The whole compressed package includes following files:

  • go_def.txt: GO term definition, which is text data. We concatenate GO term name and corresponding definition by colon.
  • go_type.txt: The ontology type which the specific GO term belong to. The index is correponding to GO ID in go2id.txt file.
  • go2id.txt: The ID mapping of GO terms.
  • go_go_triplet.txt: GO-GO triplet data. The triplet data constitutes the interior structure of Gene Ontology. The data format is < h r t>, where h and t are respectively head entity and tail entity, both GO term nodes. r is relation between two GO terms, e.g. is_a and part_of.
  • protein_seq.txt: Protein sequence data. The whole protein sequence data are used as inputs in MLM module and protein representations in KE module.
  • protein2id.txt: The ID mapping of proteins.
  • protein_go_train_triplet.txt: Protein-GO triplet data. The triplet data constitutes the exterior structure of Gene Ontology, i.e. Gene annotation. The data format is <h r t>, where h and t are respectively head entity and tail entity. It is different from GO-GO triplet that a triplet in Protein-GO triplet means a specific gene annotation, where the head entity is a specific protein and tail entity is the corresponding GO term, e.g. protein binding function. r is relation between the protein and GO term.
  • relation2id.txt: The ID mapping of relations. We mix relations in two triplet relation.

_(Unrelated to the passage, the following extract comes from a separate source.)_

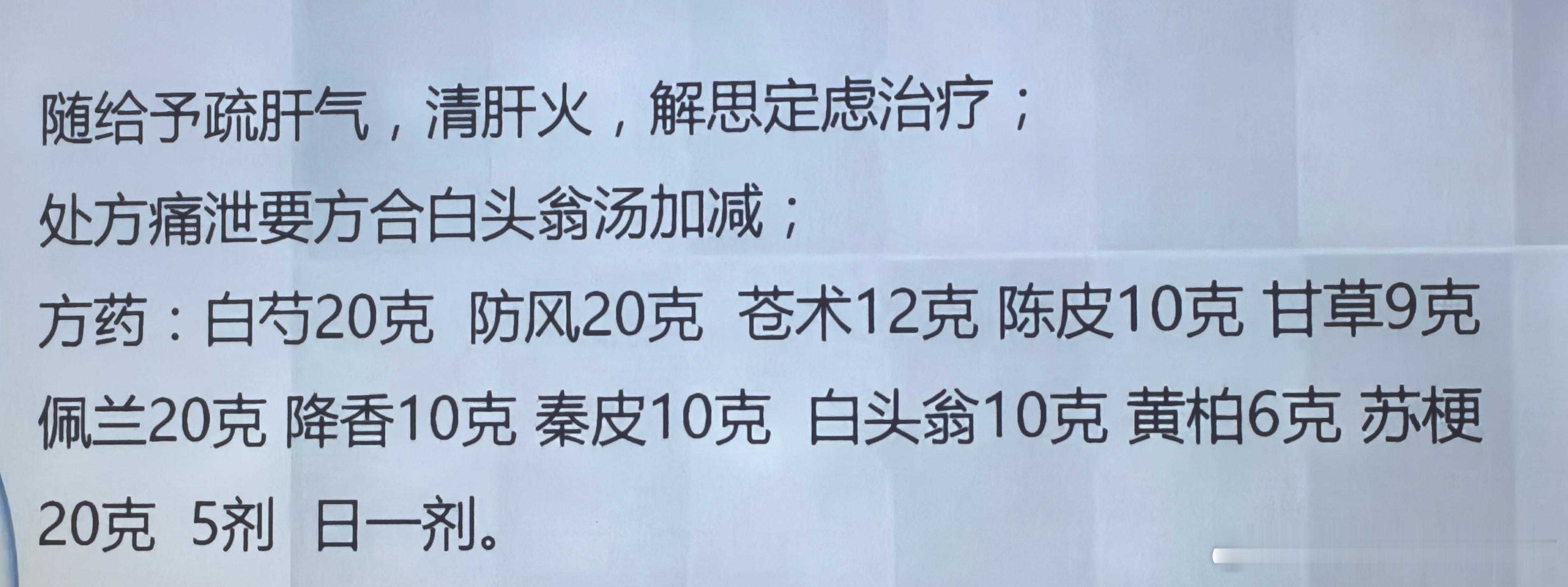 这个病例很好,80岁的老爷子,常年大便稀,一天五六次,能吃能喝能睡,根据脉象的厚、粗、热、滑,断为肝郁化火,予痛泻药方合白头翁汤

Generate your own pre-training data

For generating your own pre-training data, you need download following raw data:

  • go.obo: the structure data of Gene Ontology. The download link and detailed format see in Gene Ontology`
  • uniprot_sprot.dat: protein Swiss-Prot database. [link]
  • goa_uniprot_all.gpa: Gene Annotation data. [link]

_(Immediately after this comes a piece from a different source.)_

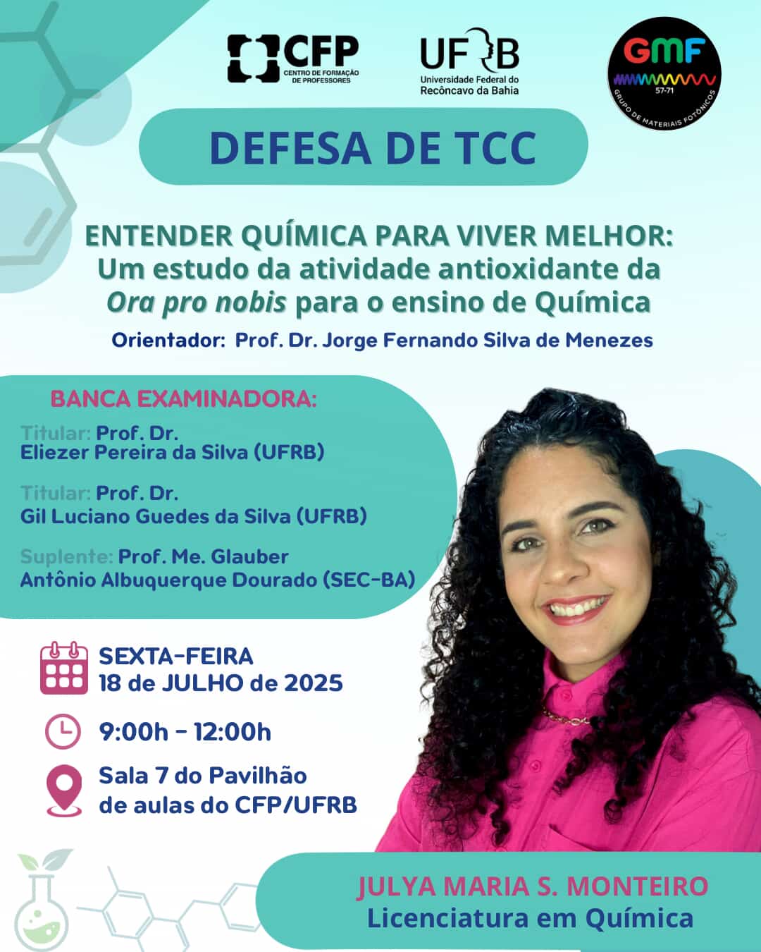 A estudante Julya Maria S. Monteiro, do curso de Licenciatura em Química do Centro de Formação de Professores da Universidade Federal do Recôncavo da Bahia (CFP/UFRB), realizará a defesa de seu Trabalho de Conclusão de Curso (TCC) no próximo dia 18 de julho de 2025, sexta-feira, das 9h às 12h. A apresentação acontecerá na Sala 7 do Pavilhão de Aulas do CFP/UFRB, localizado em Amargosa-BA.

When download these raw data, you can excute following script to generate pre-training data:

python tools/gen_onto_protein_data.py

Downstream task data

Our experiments involved with several protein-related downstream tasks. [Download datasets]

Protein pre-training model

You can pre-training your own OntoProtein based above pretraining dataset. We provide the script bash script/run_pretrain.sh to run pre-training. And the detailed arguments are all listed in src/training_args.py, you can set pre-training hyperparameters to your need.

Usage for protein-related tasks

Running examples

The shell files of training and evaluation for every task are provided in script/ , and could directly run.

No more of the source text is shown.